Wondering around looking at what's going on in nature.
 
Orchard / pond
I try to take and orchard walk daily. It's good for my soul
My kids wear our pond out fishing and kayaking
 
This year and last, I'm in my timber trying to provide better food and cover and steering movements to my plots and by my stands. Gone are the days when I used to plant over 20 food plots each spring and then again for the fall. I enjoyed it, but it was a huge time suck.
 
Hunting

Recreating

A couple of different TSI projects:
Clearing a south facing hillside to restore Oak Savanna (fire wood)
Dropping trees in a wanted bedding location to get sunlight to the ground and thicken up cover (fire wood)

Mowing firebreaks/ATV trails

Conducting prescribed burns

Food Plots

Shed Hunting

Spraying Invasives

Tree pruning (walnuts and apples)

Tree/shrub planting
 
Mostly taking my 2 dogs for a walk to get some exercise every day. Walking the food plots and trails always looking for the next project. Last 2 or 3 years I've been battling the beavers that keep trying to claim the back 40 and keep trying to block off my drainage ditch. Will be putting a few hundred more little pine/spruce trees in blocks of 50 per area trying to stage them close to where they will be transplanted with my excavator when they are big enough. I think I probably need the walking more than my dogs do for some fresh air and quiet time. Therapeutic walking the property when weather permits.
 
I can relate to just about everything each of you has already said....

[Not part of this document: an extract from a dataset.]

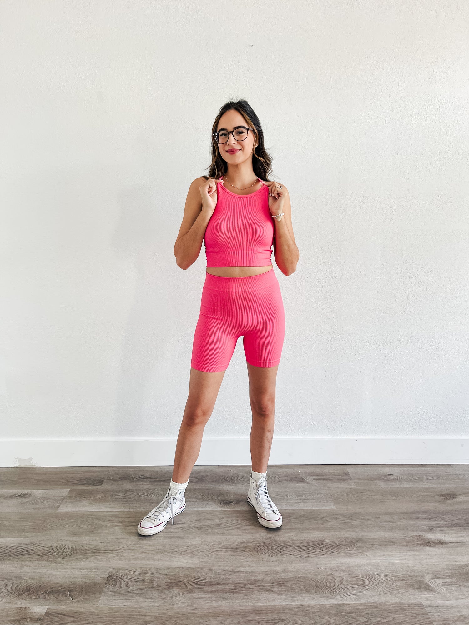 Set features supportive and compressive fit and a bold strappy back, high waisted leggings with side pockets

I use my property extensively year round. Cross skiing, snow mobiling, snowshoeing, some TSI, and firewood in the winter. Spring turns to maple syrup season, trail running, mtn. biking, spring clean up of downed trees, turkey season, and extensive post-season scouting. The summer brings with it food plots, bucking up felled trees for firewood, long walks with the dogs, constructing new trails, as well as mtn. biking and running. And the fall....pretty much sole use...hunting. I finish up firewood early but then I have a family rule that by about late Sept. no more running, biking, dog walking, etc. on the land. I have the same rule for the 4 week turkey season.

Living at nature's pace on my land is something I hold dear. Counting time not by the calendar or the clock, but by the temperature, sun angle, and photoperiod and like Catscratch said...wandering around looking at what's going on in nature.
 
At my house it’s fruit tree planting maintenance and food plot checking. We love to take the kids and walk “up top” to the 3 acre field where most of the action happens. I’ve got my almost 3 year old “checking” the newly planted fruit trees for leaves/buds now. Also starting working on clearing some trials for walking on and clearing invasives (I am in the I hate brush honeysuckle club).
At the farm, it’s a lot of food plot work and trail clearing. Gets a little rougher every year with all the ash trees starting to fall.
At my in laws it’s food plot work and trail cam checking. Try to keep an eye on what their rental farmer is putting in and adjusting accordingly. Love to take the little guy fishing in their pond too.